Although many holders of Brady Bonds strongly expressed their desire to participate in the April 2010 exchange offer, Argentina could not include Brady Bonds in the April 2010 exchange offer on similar terms to its 2005 exchange offer, when holders of Brady Bonds received proceeds of the collateral securing those bonds as part of the offer, because of litigation.  Holders of certain Brady Bonds and Argentina have since obtained court relief that permits an extension of the April 2010 exchange offer to the holders of the Brady Bonds, subject to bondholder approval of proposed amendments to applicable collateral pledge and fiscal agency agreements.  The invitation to holders of eligible series of bonds is filed as a prospectus supplement on Form 424B5 filed 12/6/10, file no. 333-163784.

Friday, December 3, 2010

Wells Fargo Subsidiary Resumes CMO Offering Activity

Wells Fargo Asset Securities Corp., a steady issuer of pass-through certificates through 2007, has filed a shelf Registration Statement on Form S-3 to offer a new series of collateralized mortgage obligations.  When SEC file no. 333-170946 is declared effective, the subsequent prospectus supplement will be the first one filed by the subsidiary since a $216.8 million offering underwritten by Lehman Brothers dated 3/4/08. 

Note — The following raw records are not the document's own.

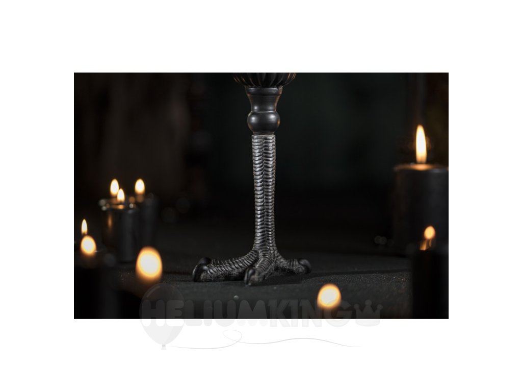Jedinečný stojan je navrhnutý na kónické sviečky, svojim dizajnom dokonale zapadá do Halloweenskej atmosféry. Je vyrobený z kvalitného materiálu, stojan je pevný a stabilný, čo zaručuje bezpečné použitie. Svietnik v tvare vtáčej nohy nielenže skvele vyzerá, ale aj pridáva šmrnc halloweenskym dekoráciám. Je ideálny na ozdobenie stola, krbovej rímsy alebo okenného parapetu, kde vytvorí desivú atmosféru Halloweenu.
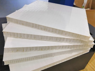 由上下蒙皮和芯材組成的一種夾心三明治結構,上下蒙皮和輕質蜂窩芯為熱塑性材料可以使夾芯板具有輕質高強、可回收的特點。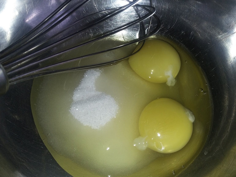 2 яйца, 0,5 стакана сахара, стакан муки и каплю лимонного ароматизатора поместить в миску:
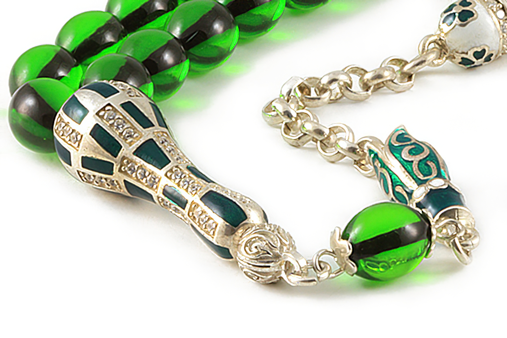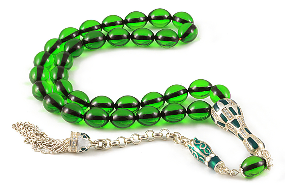 Handcrafted of 33 green amber bakelite beads, zirconia beaded, enamel silver handle and tassel. The spacing between the beads is around 2-3 beads wide. Free express shipping handmade luxury gift box.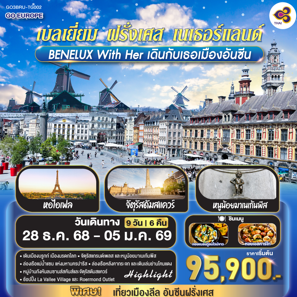 เบลเยี่ยม ฝรั่งเศส เนเธอร์แลนด์ BENELUX with her เดินกับเธอเมืองอันซีน 9 วัน 6 คืน โดยสายการบินไทย (TG) |

Acting as depositor, WFASC has registered CMO certificates for a proposed maximum aggregate offering of $33.2 billion.  Pursuant to 1933 Act Rule 415(a)(6), $22.1 billion of unsold securities from prior Registrations (333-150038 and 333-151061) are included in the new Registration. 

Seventeen classes of senior certificates and six classes of subordinated certificates are expected to be offered at varying prices to be determined at the time of sale.  The assets of the issuing entity will include a pool of fully amortizing, one- to four-family, fixed interest rate, non-relocation, residential first mortgage loans.